Task brief: From the first line to the last, transcribe the data exactly and skip the pictures.
[[ Dataset extract open ]]
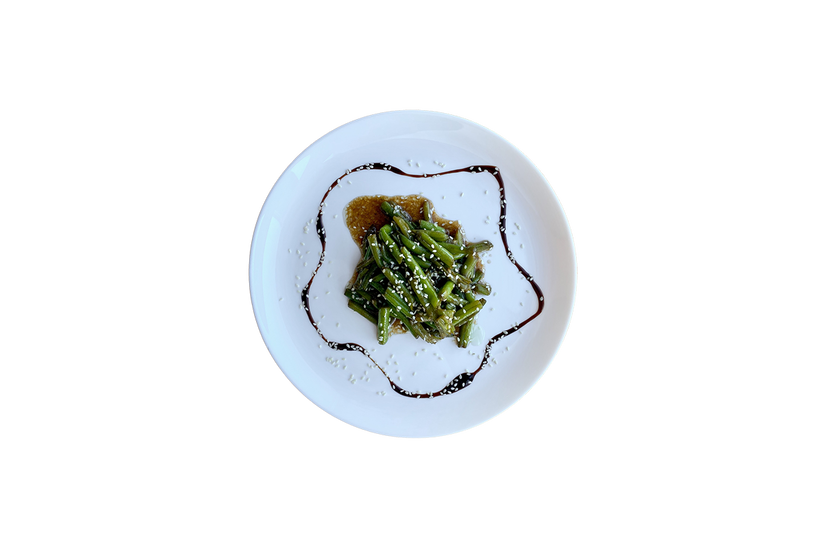 Спаржа, соус теріяки, кунжут.
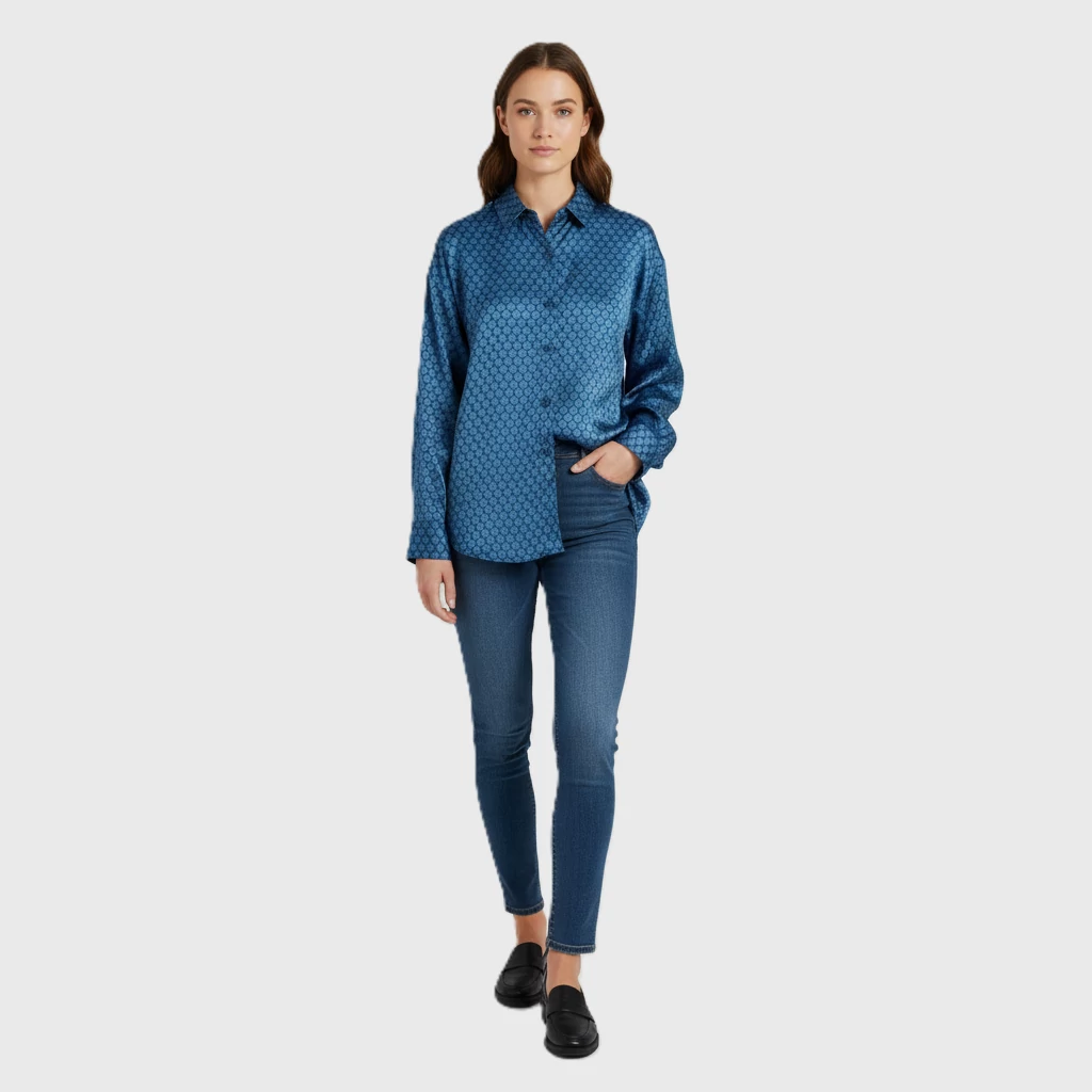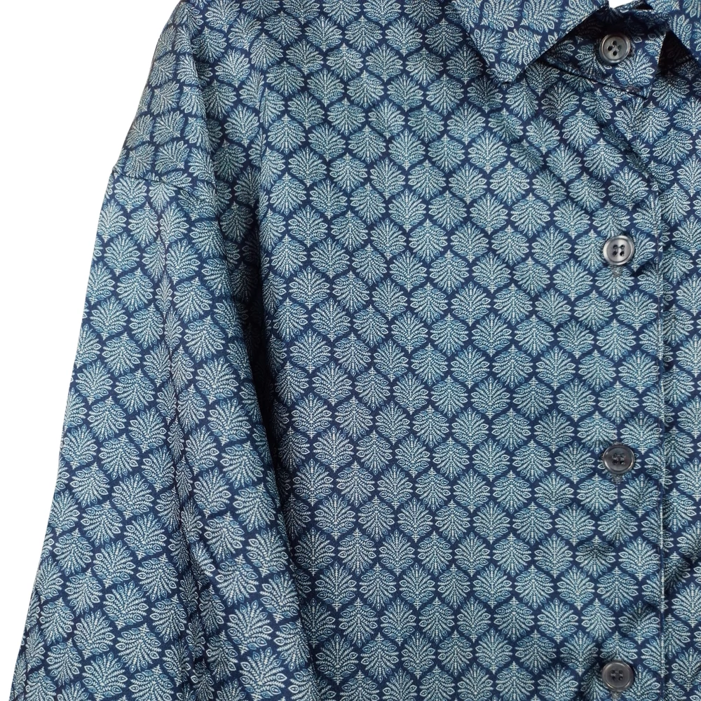 Virágmintás, derékrészén gumis, mellrészén fodros női felső
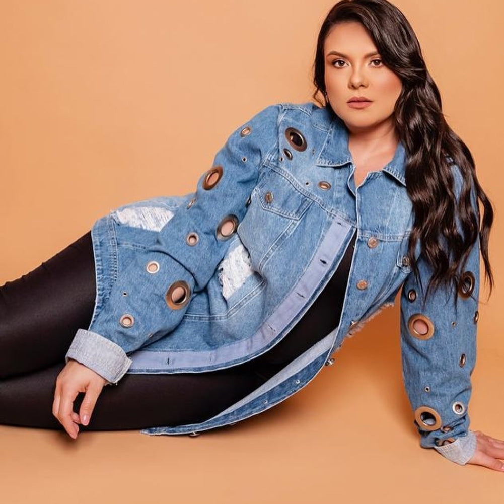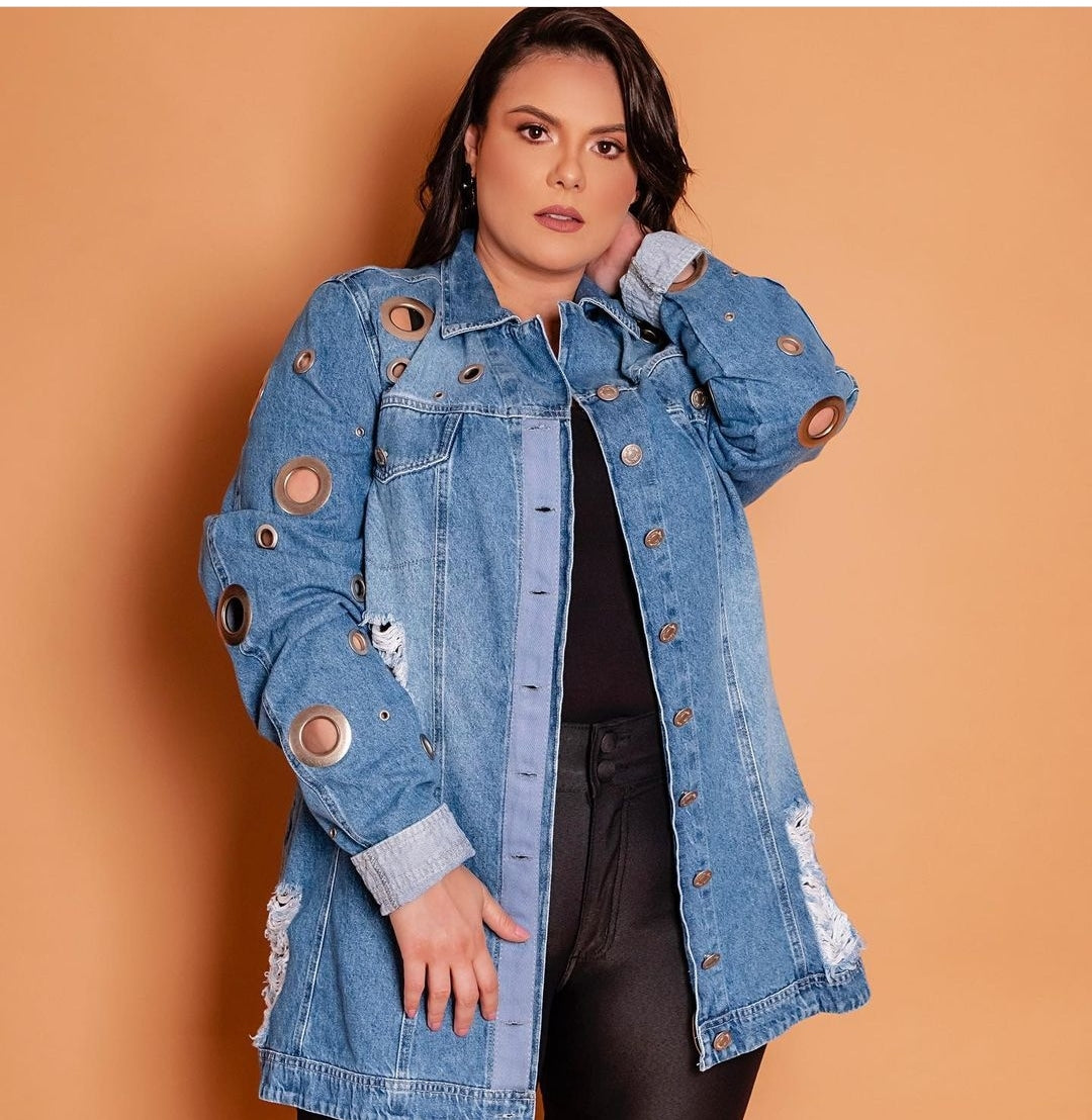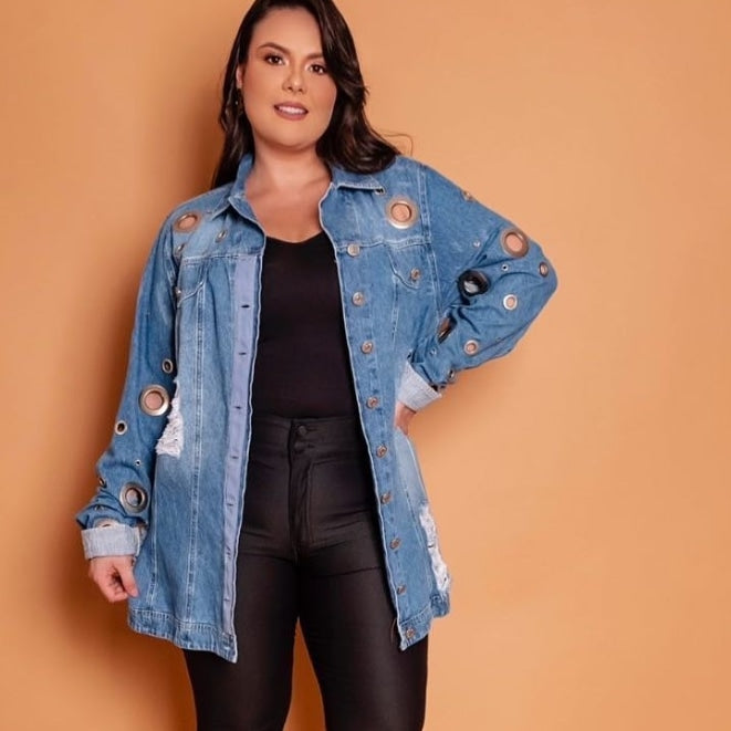 Jaqueta em Jeans com detalhes em ilhós na fronta e mangas, Max jaqueta Olver . Sem lycra disponível do 36 ao 54
[[ Dataset extract closed ]]
Output of the exercise:
 Спаржа, соус теріяки, кунжут.
 Virágmintás, derékrészén gumis, mellrészén fodros női felső
 Jaqueta em Jeans com detalhes em ilhós na fronta e mangas, Max jaqueta Olver . Sem lycra disponível do 36 ao 54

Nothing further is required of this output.